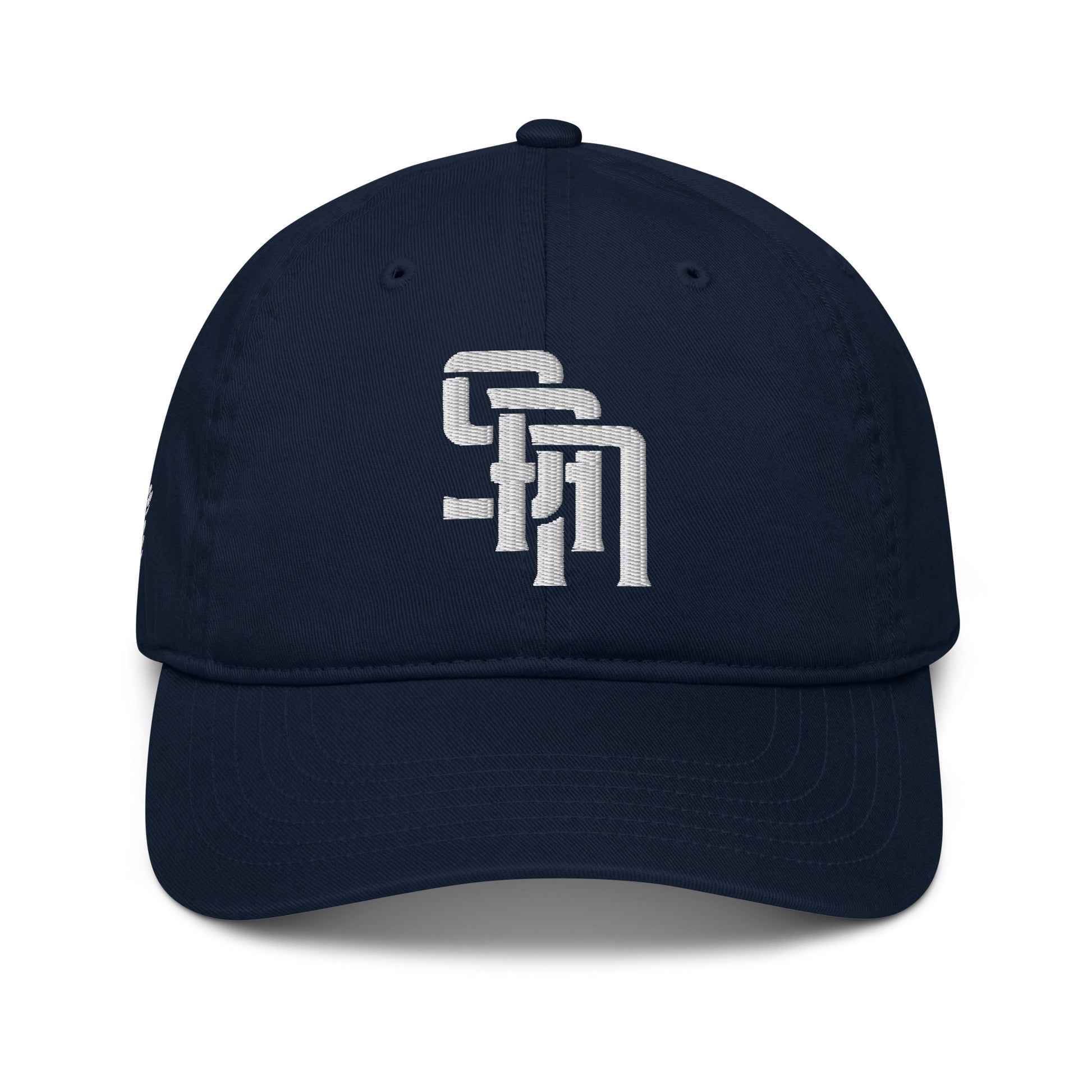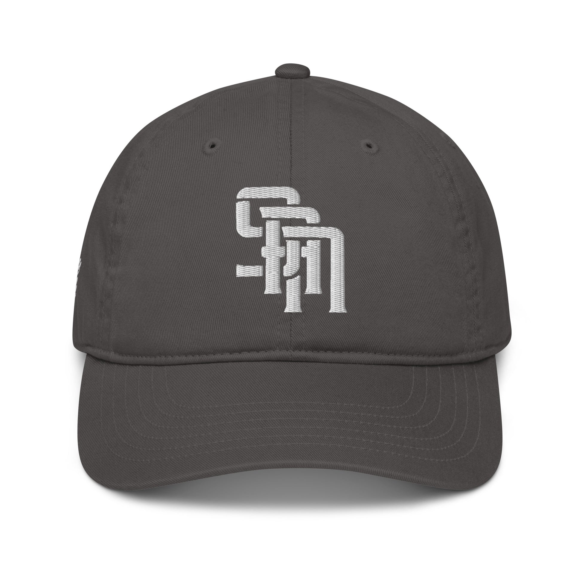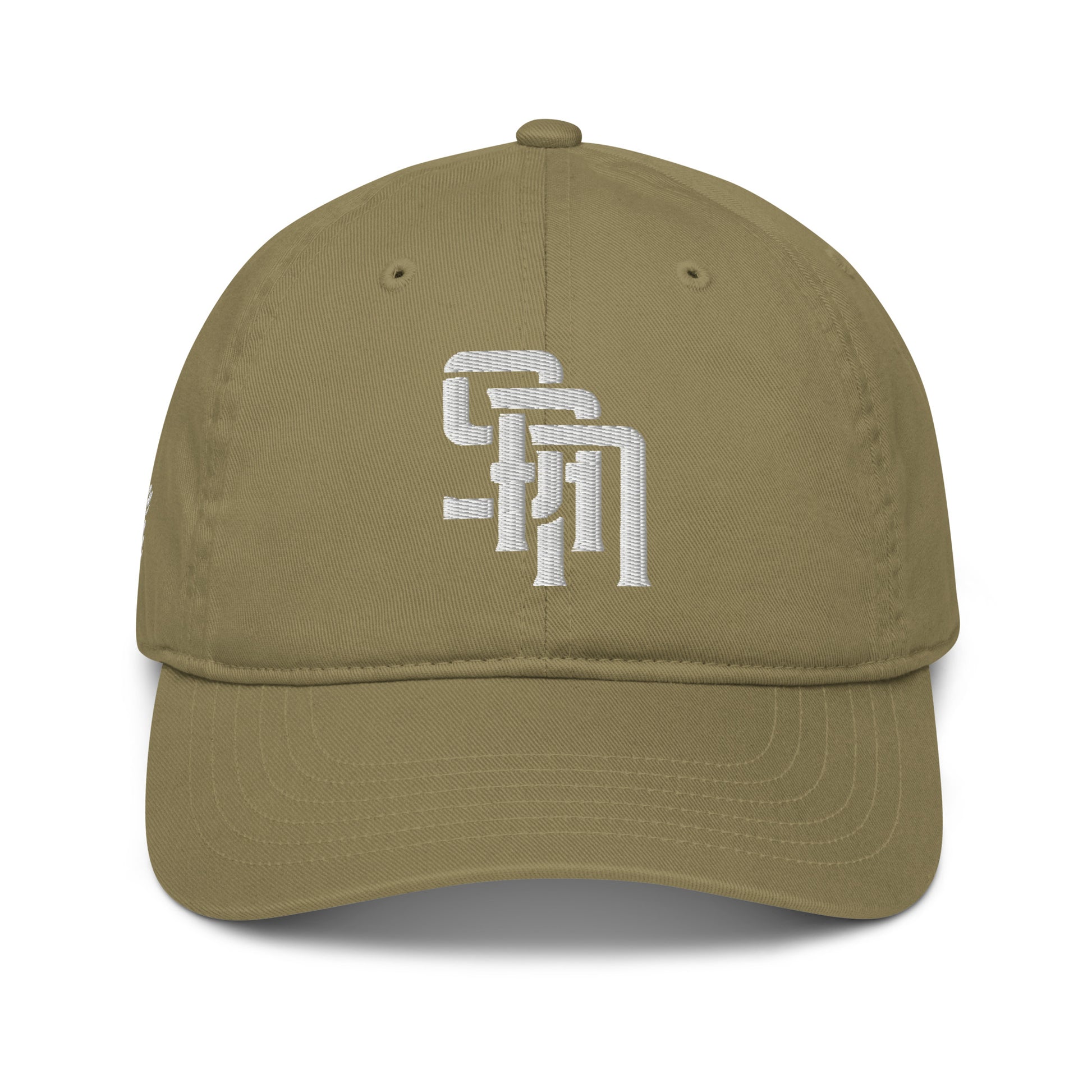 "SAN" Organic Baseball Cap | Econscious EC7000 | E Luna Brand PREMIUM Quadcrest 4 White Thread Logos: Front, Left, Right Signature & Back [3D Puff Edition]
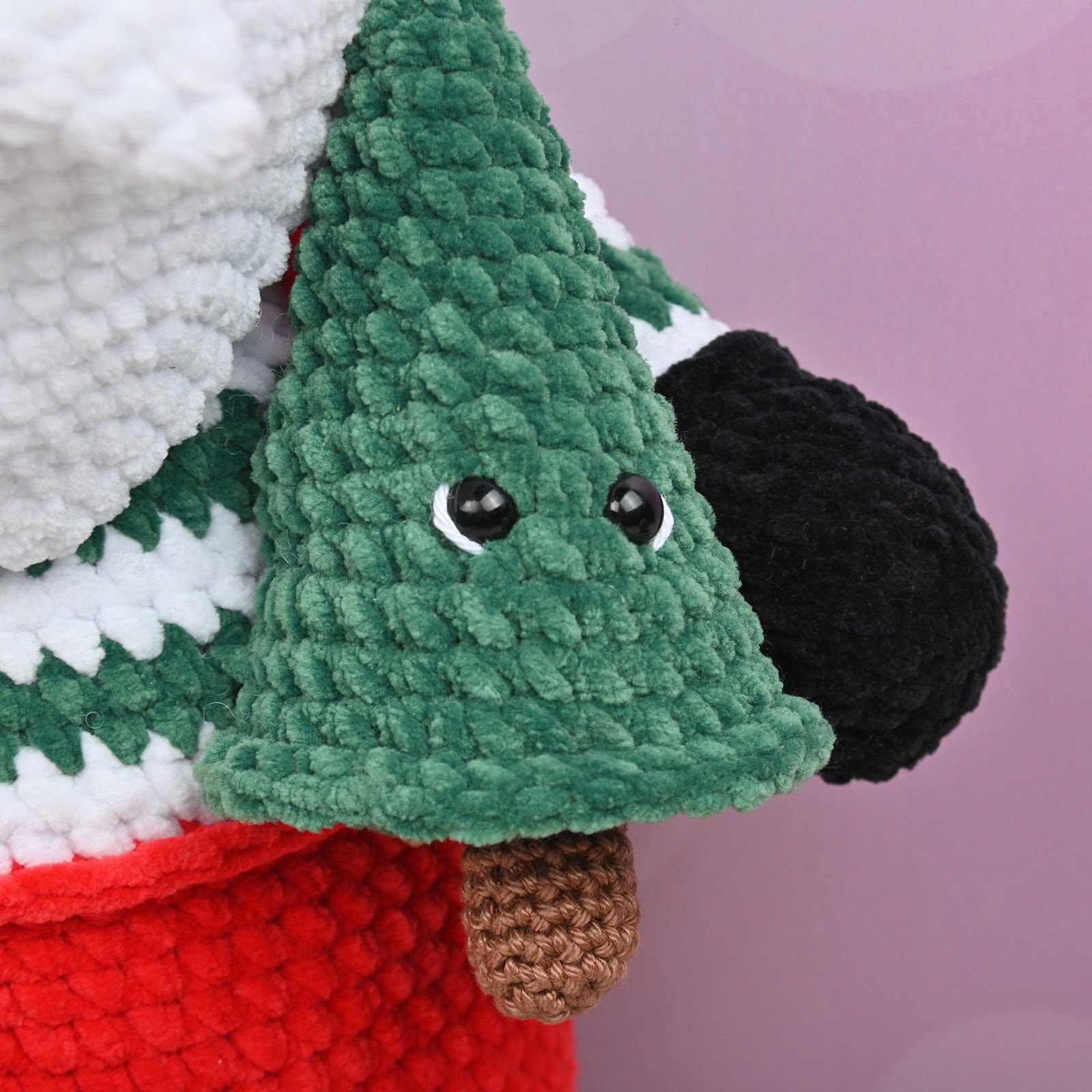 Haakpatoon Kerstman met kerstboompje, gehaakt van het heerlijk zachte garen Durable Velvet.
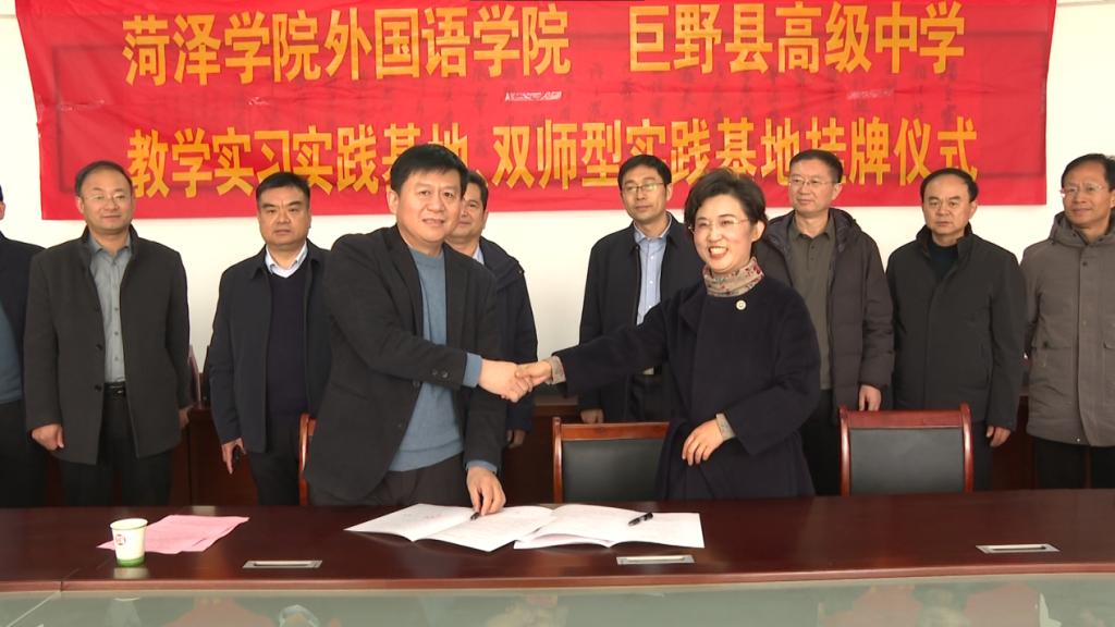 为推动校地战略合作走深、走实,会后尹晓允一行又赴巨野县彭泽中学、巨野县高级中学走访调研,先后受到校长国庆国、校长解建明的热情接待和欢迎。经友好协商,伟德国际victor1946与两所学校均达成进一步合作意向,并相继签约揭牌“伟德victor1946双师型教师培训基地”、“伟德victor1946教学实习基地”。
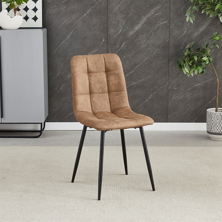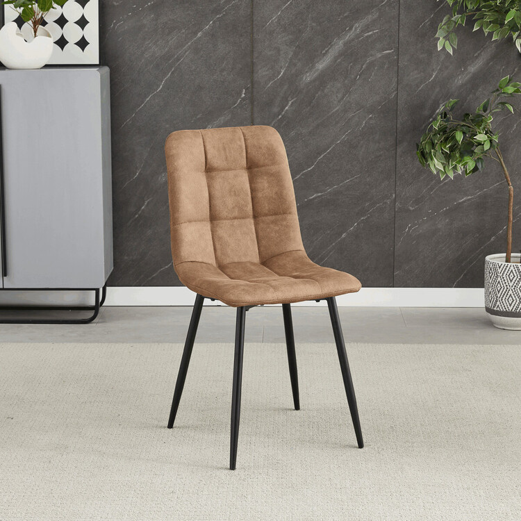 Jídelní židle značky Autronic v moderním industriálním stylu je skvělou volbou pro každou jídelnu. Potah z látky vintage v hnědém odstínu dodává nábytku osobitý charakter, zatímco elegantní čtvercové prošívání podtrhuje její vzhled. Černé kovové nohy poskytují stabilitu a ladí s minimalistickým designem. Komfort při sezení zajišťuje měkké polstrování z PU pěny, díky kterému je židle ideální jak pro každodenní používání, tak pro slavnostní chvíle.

#### Exercise aim:
Exactly restate the lines from the beginning of the data through the line with "为推动校地战略合作走深、走实", and no others, keeping pictures out.

#### Answer box:
 "SAN" Organic Baseball Cap | Econscious EC7000 | E Luna Brand PREMIUM Quadcrest 4 White Thread Logos: Front, Left, Right Signature & Back [3D Puff Edition]
 Haakpatoon Kerstman met kerstboompje, gehaakt van het heerlijk zachte garen Durable Velvet.
 为推动校地战略合作走深、走实,会后尹晓允一行又赴巨野县彭泽中学、巨野县高级中学走访调研,先后受到校长国庆国、校长解建明的热情接待和欢迎。经友好协商,伟德国际victor1946与两所学校均达成进一步合作意向,并相继签约揭牌“伟德victor1946双师型教师培训基地”、“伟德victor1946教学实习基地”。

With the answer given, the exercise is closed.